The answer should be every line below, repeated exactly, with the images left out.

[GIVEN DATA — start]

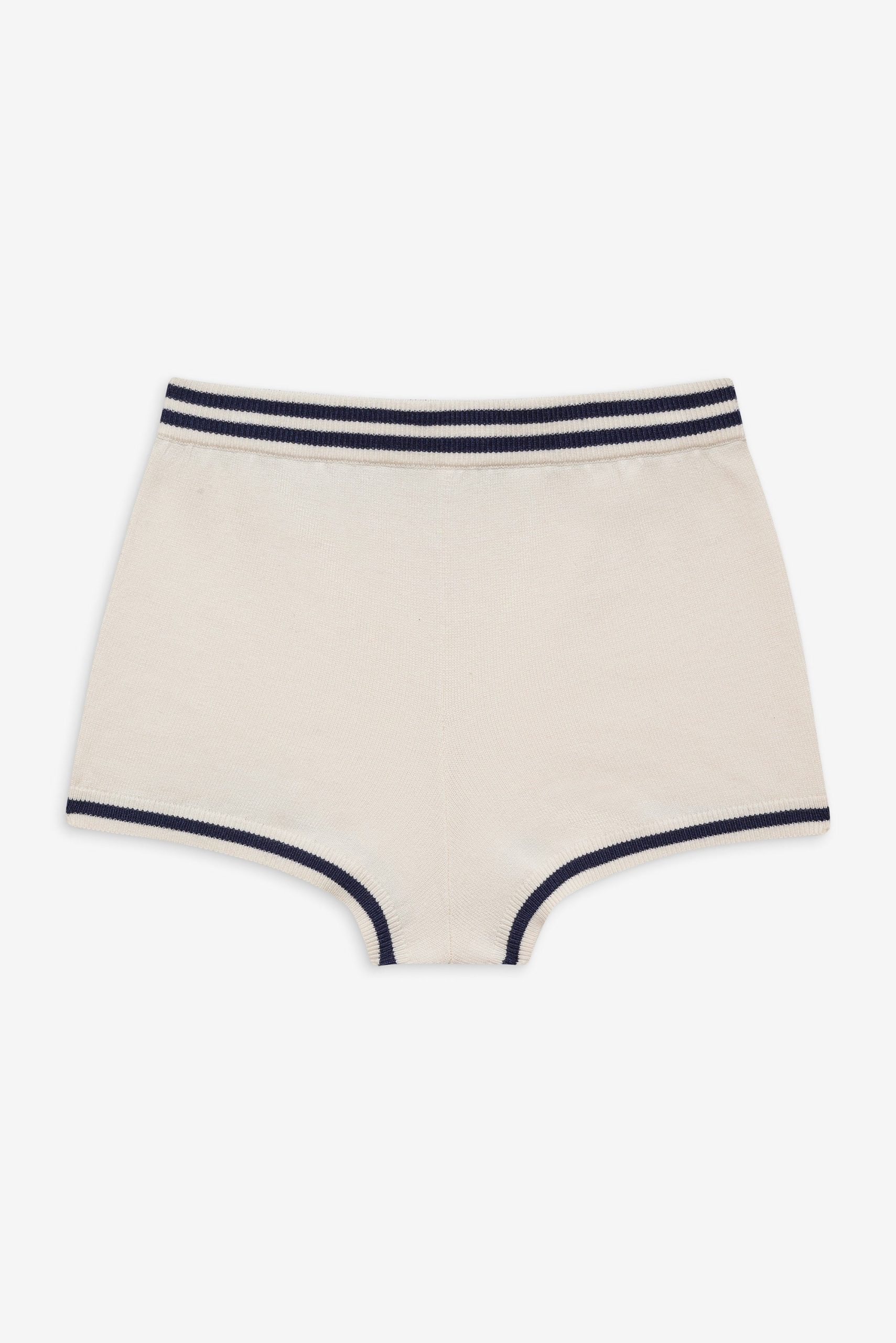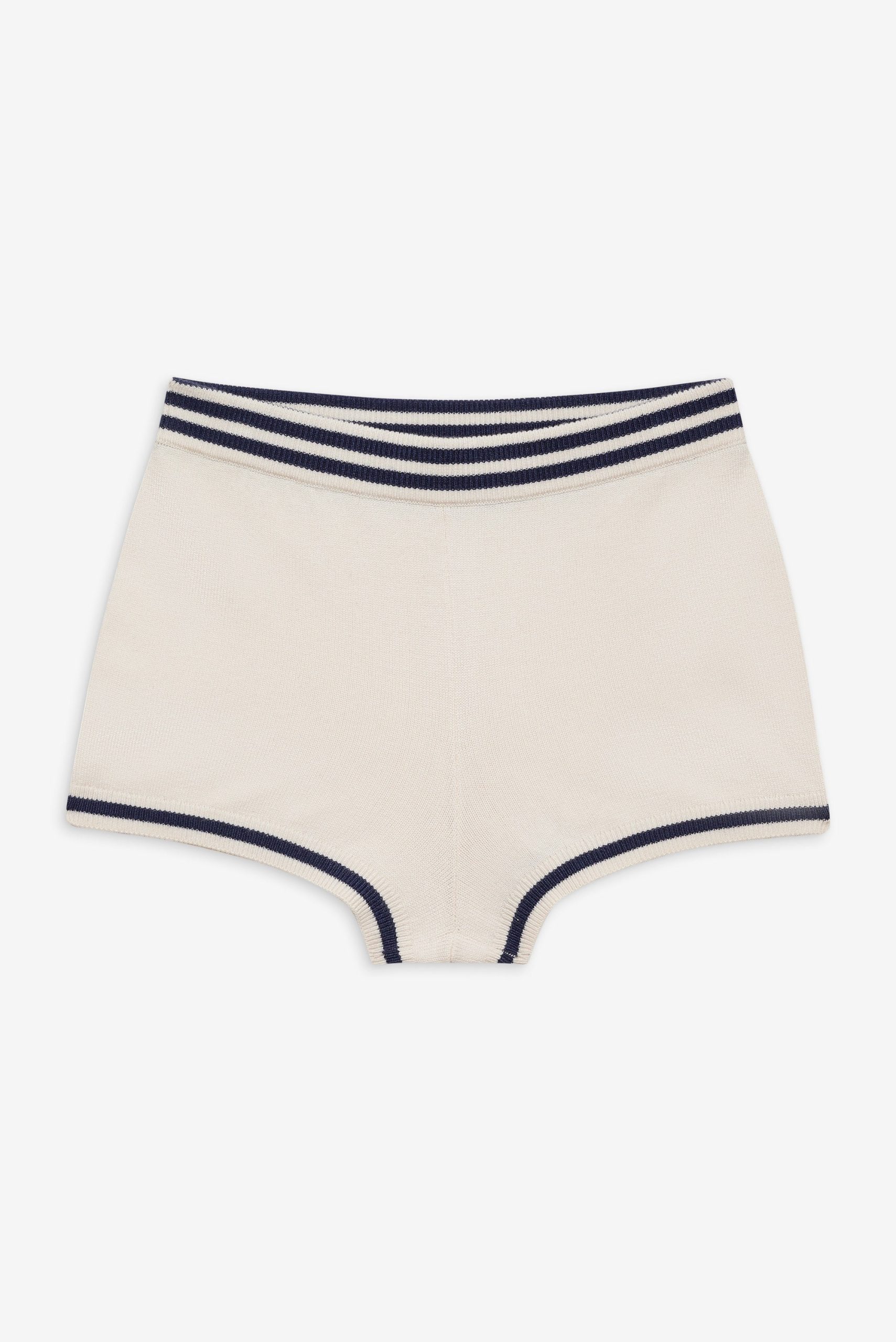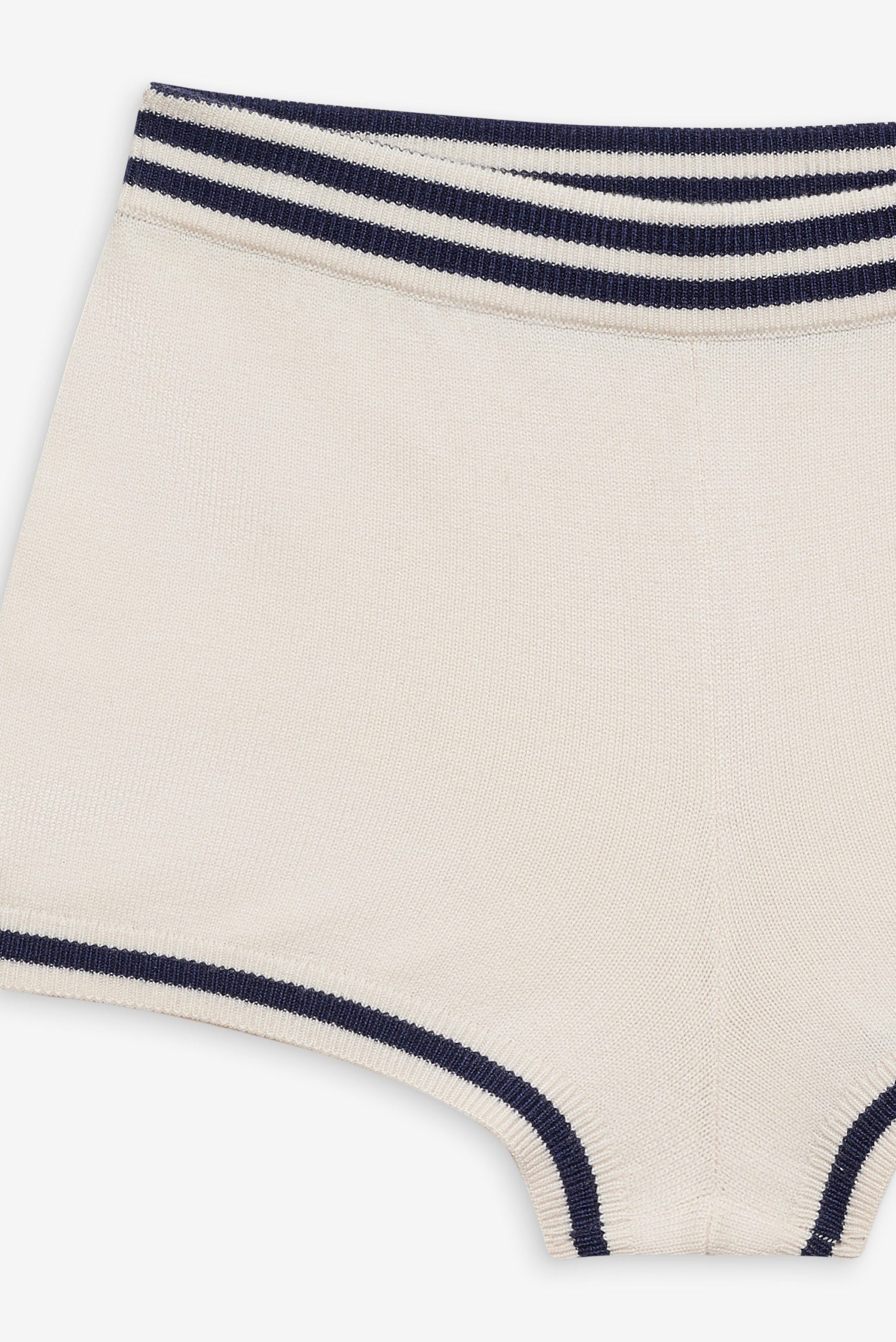 Make a chic, yet sophisticated statement in the Simona Pointelle knit shorts. These navy country club-esque high waisted hot pants feature a contrast striped rib along the waistband and leg, and are fitted throughout with a cheeky fit at the back.
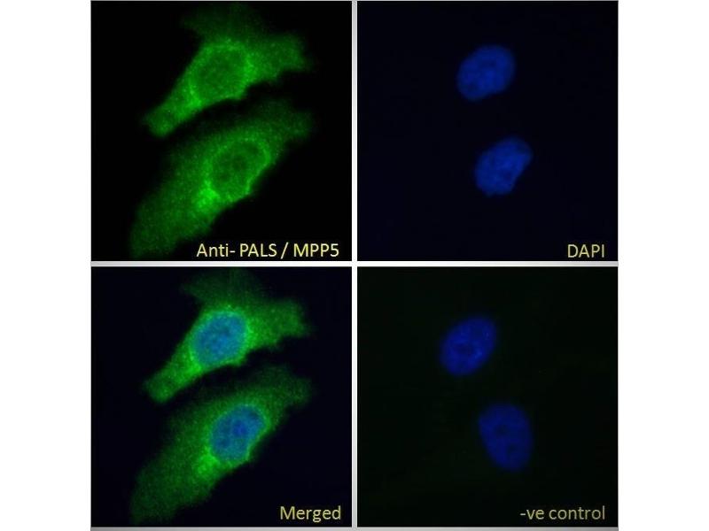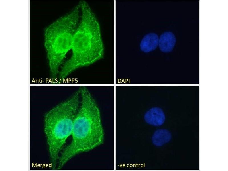 : "The multi-PDZ domain protein-1 (MUPP-1) expression regulates cellular levels of the PALS-1/PATJ polarity complex." in: Experimental cell research, Vol. 319, Issue 17, pp. 2514-25, (2013) (PubMed).: "Immunofluorescence and fluorescent-protein tagging show high correlation for protein localization in mammalian cells." in: Nature methods, Vol. 10, Issue 4, pp. 315-23, (2013) (PubMed).
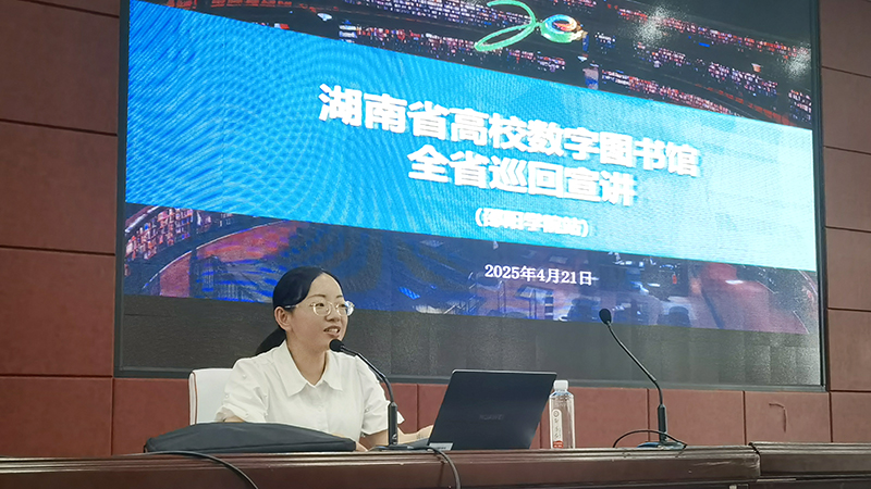为深化高校图书馆资源共享与服务交流,推动高校数字图书馆建设高质量发展,4月21日,湖南省高校数字图书馆(高数图)宣讲团一行5人莅临我校开展调研和宣讲工作。
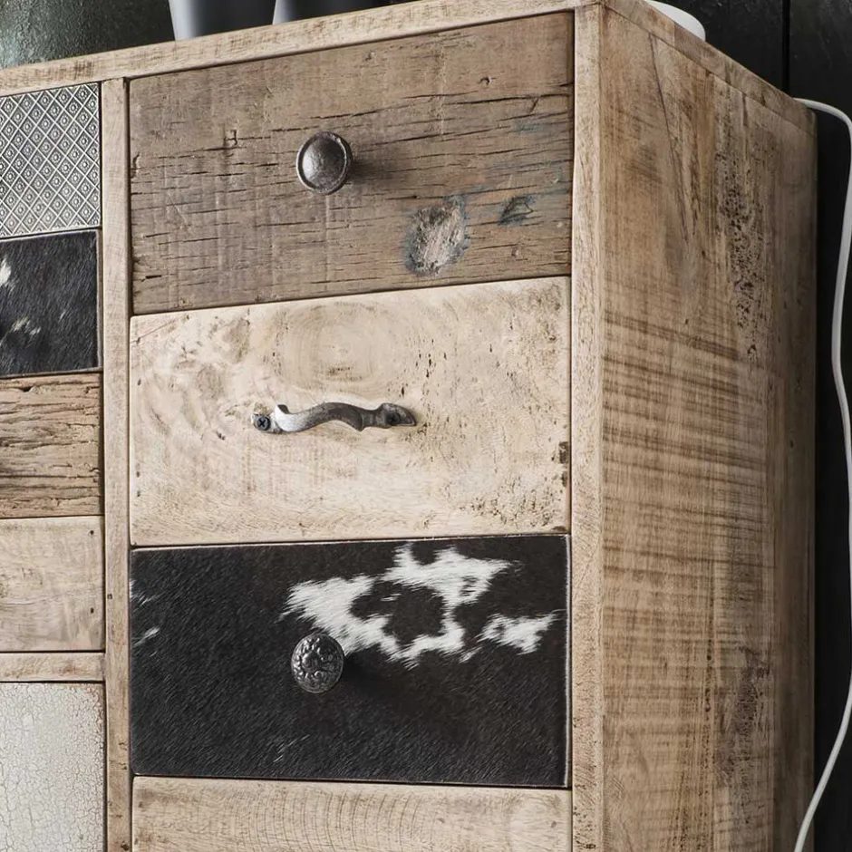 Die Hochkommode „Conville“ wird aus massivem recyceltem Mangobaumholz hergestellt. Dieses Holz zeichnet sich durch seine natürliche Unregelmäßigkeit in Struktur und Farbschattierungen aus, was jedes Möbelstück zu einem einzigartigen Unikat macht. Der Mangobaum ist nicht nur nachhaltig, sondern auch von Natur aus robust und langlebig.

[GIVEN DATA — finish]

SOLUTION FOR THIS PROBLEM>
 Make a chic, yet sophisticated statement in the Simona Pointelle knit shorts. These navy country club-esque high waisted hot pants feature a contrast striped rib along the waistband and leg, and are fitted throughout with a cheeky fit at the back.
 : "The multi-PDZ domain protein-1 (MUPP-1) expression regulates cellular levels of the PALS-1/PATJ polarity complex." in: Experimental cell research, Vol. 319, Issue 17, pp. 2514-25, (2013) (PubMed).: "Immunofluorescence and fluorescent-protein tagging show high correlation for protein localization in mammalian cells." in: Nature methods, Vol. 10, Issue 4, pp. 315-23, (2013) (PubMed).
为深化高校图书馆资源共享与服务交流,推动高校数字图书馆建设高质量发展,4月21日,湖南省高校数字图书馆(高数图)宣讲团一行5人莅临我校开展调研和宣讲工作。
 Die Hochkommode „Conville“ wird aus massivem recyceltem Mangobaumholz hergestellt. Dieses Holz zeichnet sich durch seine natürliche Unregelmäßigkeit in Struktur und Farbschattierungen aus, was jedes Möbelstück zu einem einzigartigen Unikat macht. Der Mangobaum ist nicht nur nachhaltig, sondern auch von Natur aus robust und langlebig.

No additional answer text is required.